_AVAILABLE DATA_
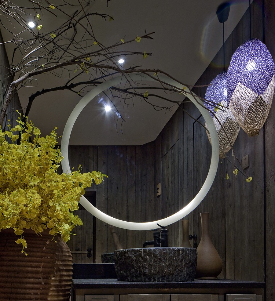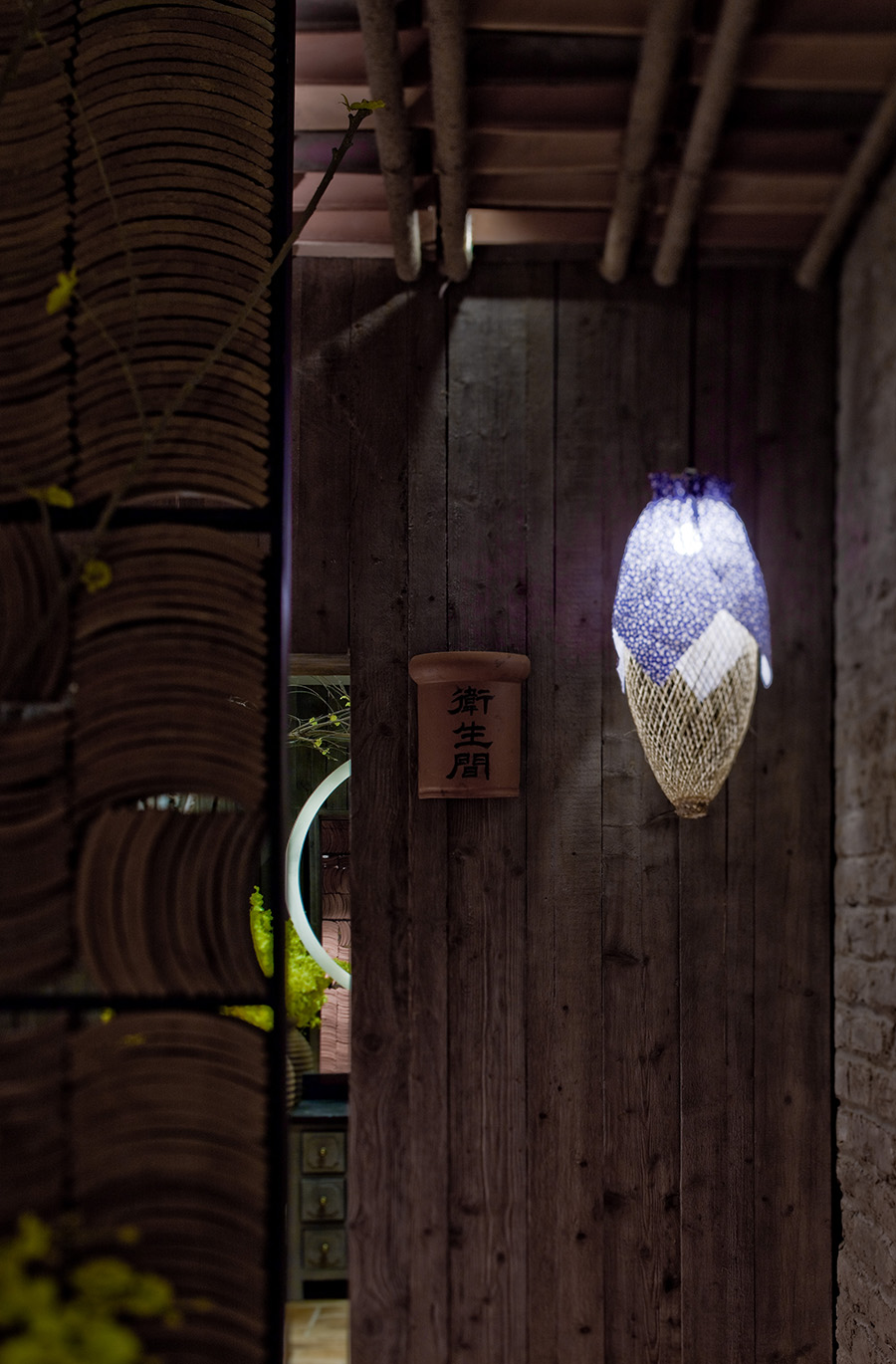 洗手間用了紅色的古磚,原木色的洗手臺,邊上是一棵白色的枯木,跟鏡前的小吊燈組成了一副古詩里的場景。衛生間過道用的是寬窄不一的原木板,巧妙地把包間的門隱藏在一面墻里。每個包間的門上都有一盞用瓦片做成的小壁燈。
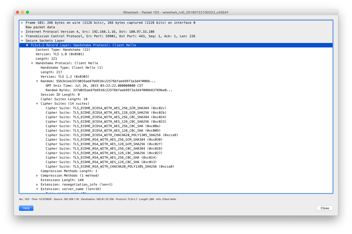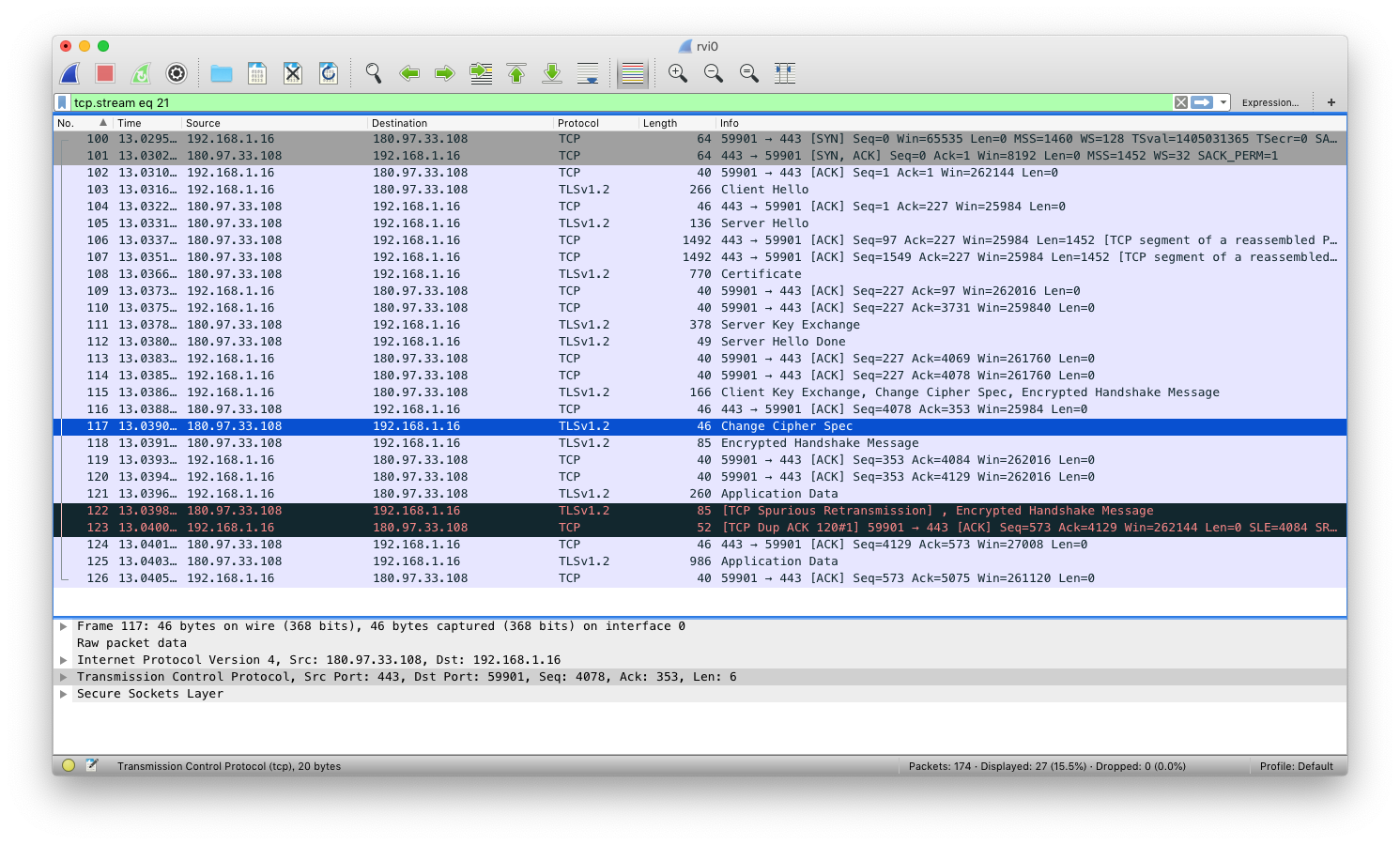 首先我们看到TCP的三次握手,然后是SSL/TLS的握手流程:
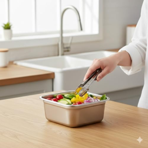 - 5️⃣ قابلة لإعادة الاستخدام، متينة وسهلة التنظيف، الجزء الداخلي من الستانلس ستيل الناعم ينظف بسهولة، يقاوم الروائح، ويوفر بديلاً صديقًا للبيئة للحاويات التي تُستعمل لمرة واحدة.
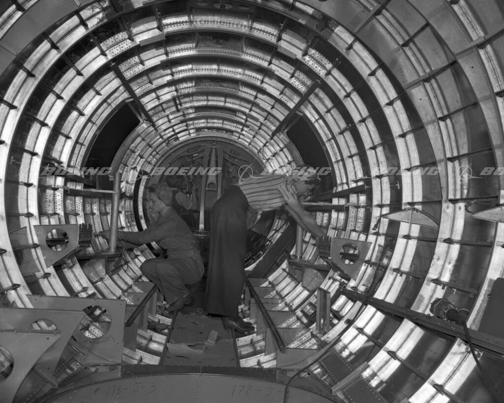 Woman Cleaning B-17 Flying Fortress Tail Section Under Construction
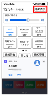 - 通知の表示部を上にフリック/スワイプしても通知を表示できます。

--

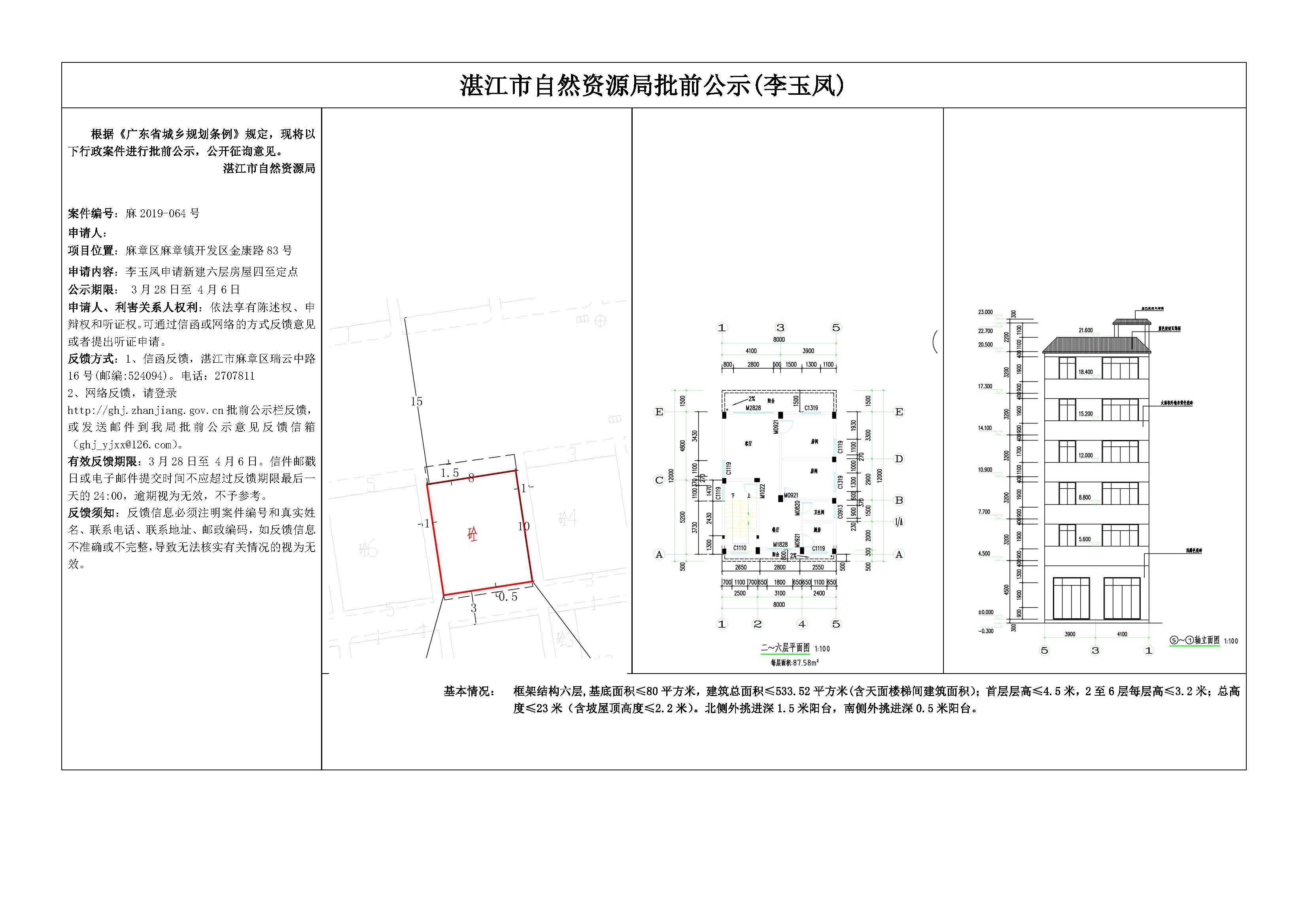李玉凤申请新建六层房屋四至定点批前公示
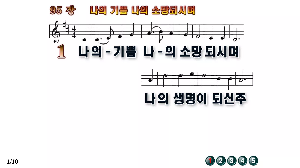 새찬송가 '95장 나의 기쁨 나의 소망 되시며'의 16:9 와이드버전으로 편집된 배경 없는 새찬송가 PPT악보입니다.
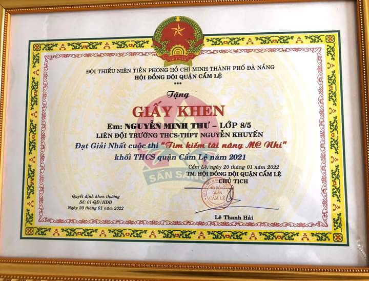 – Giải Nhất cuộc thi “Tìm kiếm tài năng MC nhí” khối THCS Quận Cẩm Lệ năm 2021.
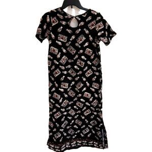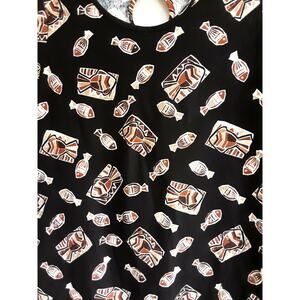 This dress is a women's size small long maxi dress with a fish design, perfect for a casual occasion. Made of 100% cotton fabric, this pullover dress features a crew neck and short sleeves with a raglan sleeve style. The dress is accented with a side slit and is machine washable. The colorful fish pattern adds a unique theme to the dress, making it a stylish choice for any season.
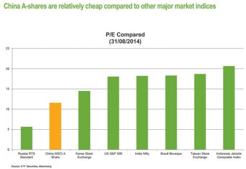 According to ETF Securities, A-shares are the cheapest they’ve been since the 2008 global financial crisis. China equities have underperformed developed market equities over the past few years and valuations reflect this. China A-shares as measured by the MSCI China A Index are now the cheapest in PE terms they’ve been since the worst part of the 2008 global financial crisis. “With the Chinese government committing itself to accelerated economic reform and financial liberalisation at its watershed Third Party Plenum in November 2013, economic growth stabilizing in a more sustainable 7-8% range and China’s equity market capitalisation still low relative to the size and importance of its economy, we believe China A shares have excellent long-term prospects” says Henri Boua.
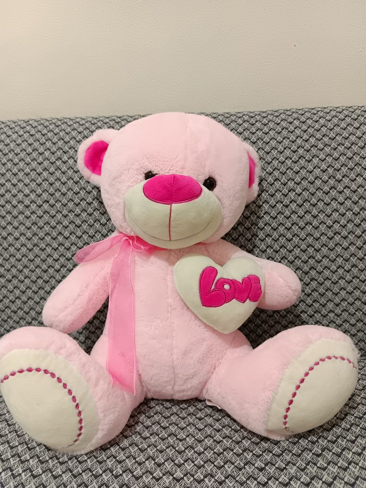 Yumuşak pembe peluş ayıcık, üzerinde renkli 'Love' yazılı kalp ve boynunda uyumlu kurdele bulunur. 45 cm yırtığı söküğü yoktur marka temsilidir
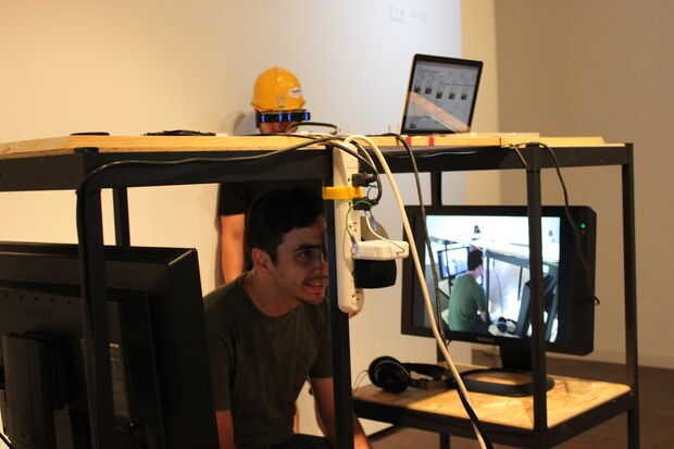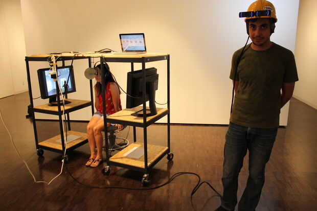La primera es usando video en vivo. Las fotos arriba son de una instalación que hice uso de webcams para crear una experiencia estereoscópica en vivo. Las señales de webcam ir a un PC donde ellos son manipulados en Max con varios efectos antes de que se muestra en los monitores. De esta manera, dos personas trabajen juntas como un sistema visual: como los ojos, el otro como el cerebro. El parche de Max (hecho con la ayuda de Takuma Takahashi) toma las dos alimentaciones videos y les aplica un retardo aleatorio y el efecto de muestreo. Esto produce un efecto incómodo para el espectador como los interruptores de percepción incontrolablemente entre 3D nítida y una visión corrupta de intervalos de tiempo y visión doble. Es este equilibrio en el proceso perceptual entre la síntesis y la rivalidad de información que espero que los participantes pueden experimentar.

* * *

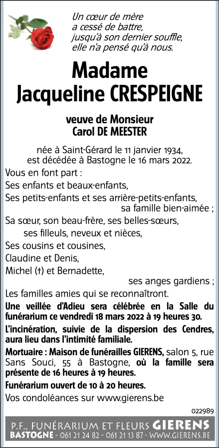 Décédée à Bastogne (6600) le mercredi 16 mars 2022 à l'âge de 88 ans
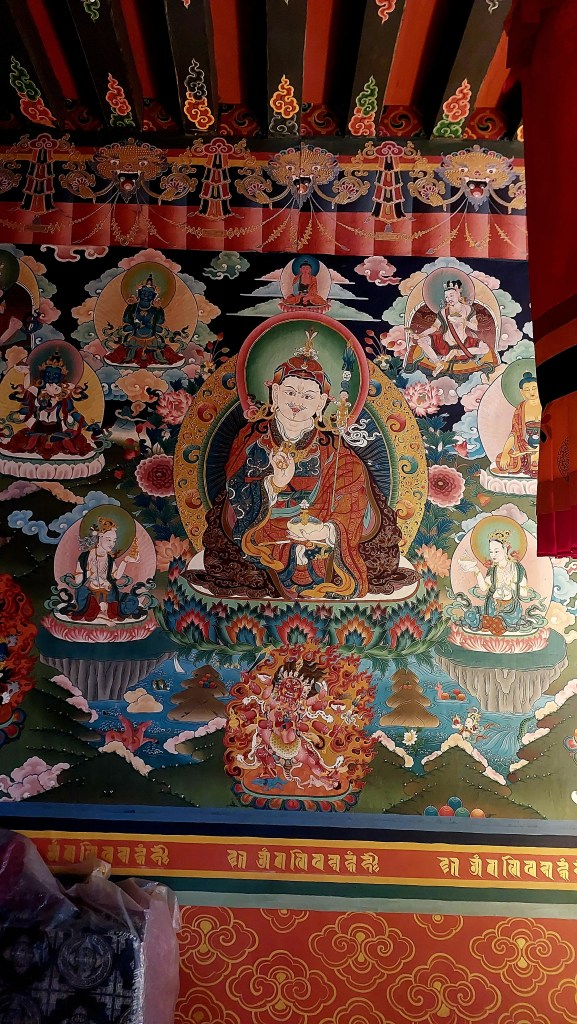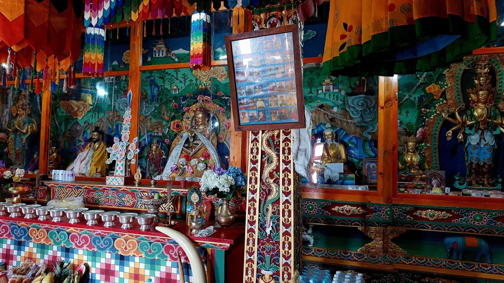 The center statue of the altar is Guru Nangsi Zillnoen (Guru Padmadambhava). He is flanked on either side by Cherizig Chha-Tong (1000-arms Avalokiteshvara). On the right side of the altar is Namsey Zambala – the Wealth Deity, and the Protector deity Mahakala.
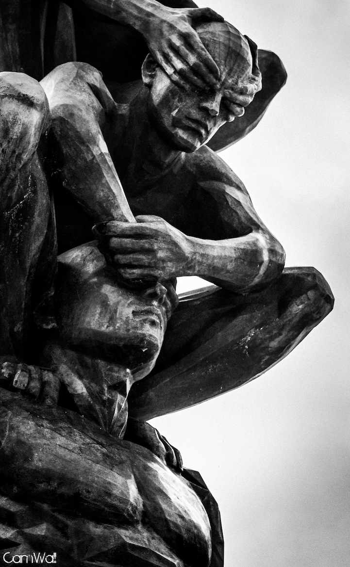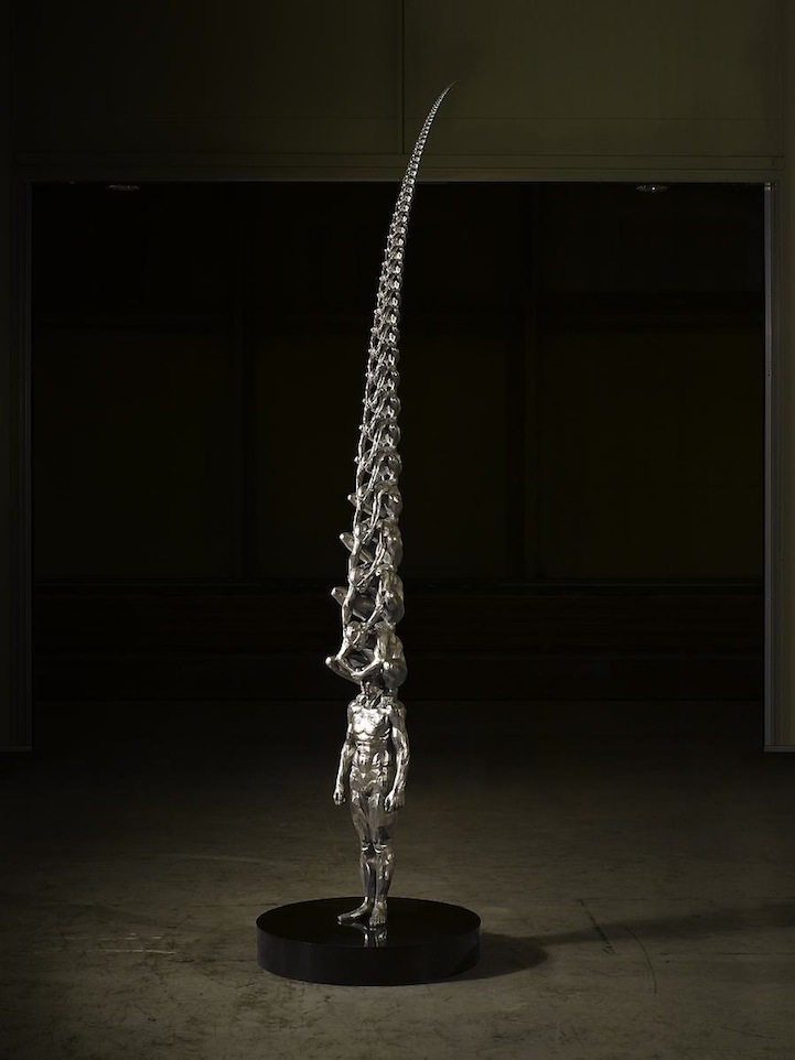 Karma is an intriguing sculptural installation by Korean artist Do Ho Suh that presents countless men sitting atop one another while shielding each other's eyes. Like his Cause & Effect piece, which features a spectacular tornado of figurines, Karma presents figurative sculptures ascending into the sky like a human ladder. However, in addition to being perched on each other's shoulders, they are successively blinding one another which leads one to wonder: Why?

_WHAT YOU HAVE TO DO_
Nothing but the lines above from the one that has "洗手間用了紅色的古磚,原木色" down to the one that has "- 通知の表示部を上にフリック/スワイプしても通知を表示できます。" belongs in the answer, copied exactly, without pictures.

_OUTPUT FOR THIS TASK_
 洗手間用了紅色的古磚,原木色的洗手臺,邊上是一棵白色的枯木,跟鏡前的小吊燈組成了一副古詩里的場景。衛生間過道用的是寬窄不一的原木板,巧妙地把包間的門隱藏在一面墻里。每個包間的門上都有一盞用瓦片做成的小壁燈。
 首先我们看到TCP的三次握手,然后是SSL/TLS的握手流程:
 - 5️⃣ قابلة لإعادة الاستخدام، متينة وسهلة التنظيف، الجزء الداخلي من الستانلس ستيل الناعم ينظف بسهولة، يقاوم الروائح، ويوفر بديلاً صديقًا للبيئة للحاويات التي تُستعمل لمرة واحدة.
 Woman Cleaning B-17 Flying Fortress Tail Section Under Construction
 - 通知の表示部を上にフリック/スワイプしても通知を表示できます。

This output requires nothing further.